This paper focuses on the estimation of the maximum impact force of dry granular flow upon a rock shed using a coupled discrete element method (DEM) and finite element method (FEM). The dry granular flow is modeled as an assembly of discrete particles, and the rock shed is modeled by applying the FEM. The coupled DEM–FEM approach calibrated with a small-scale physical experiment is used to simulate the movement of a dry granular flow impacting the rock shed. Full-scale numerical modeling based on the field model is constructed to estimate the maximum impact force of dry granular flow on a rock shed. Based on the numerical results, three key stages of the impact process are identified: startup streams slippery, impact, and pile-up. The sensitivities of bulk density, impact height, slope angle, cushion thickness, and friction coefficient to the maximum impact force are 1, 0.63, 2.68, 0.09, and 0.73, respectively, in the benchmark model, and the parameters with high sensitivities should be given priority in the design of rock sheds. Moreover, an evaluation formula of maximum impact force is obtained and based on the numerical results and Buckingham’s principle.
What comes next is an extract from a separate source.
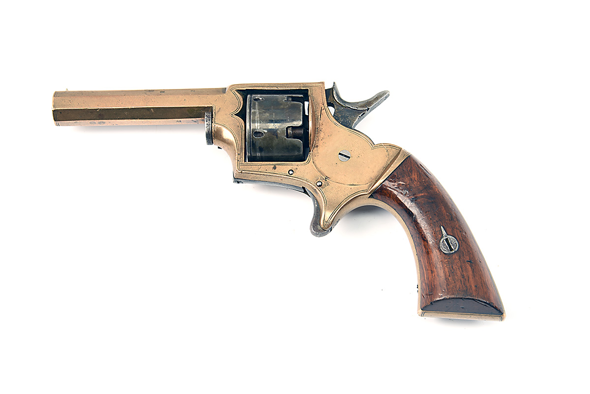 A .31 PERCUSSION BRASS-FRAMED POCKET-REVOLVER, UNSIGNED, serial no. 177, possibly originally supplied with an additional rimfire cylinder, with octagonal bras 2 7/8in. barrel, solid brass frame, iron cylinder with sunken nipples, spur trigger and smooth walnut grips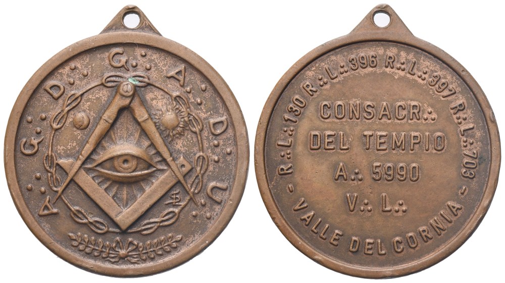 Medaglia R. L. 130 - R. L. 396 - R. L. 397 - R. L. 703 - Valle Del Cornia, Consacr. Del Tempio A. 5990 V. L. (36 mm)

本文着眼于使用耦合离散元方法（DEM）和有限元方法（FEM）估算干颗粒流对岩石棚的最大冲击力。干颗粒流被建模为离散颗粒的集合，而岩石棚则通过应用有限元建模。用小规模物理实验校准的耦合DEM-FEM方法用于模拟干燥颗粒流对岩石棚的运动。建立基于现场模型的全尺寸数值模型，以估算干燥颗粒流对岩石棚的最大冲击力。根据数值结果，确定了冲击过程的三个关键阶段：启动流滑滑，冲击和堆积。堆积密度，冲击高度，倾斜角度，垫层厚度，在基准模型中，对最大冲击力的摩擦系数分别为1、0.63、2.68、0.09和0.73，在设计大棚时应优先考虑敏感性高的参数。此外，基于数值结果和白金汉原理，获得了最大冲击力的评估公式。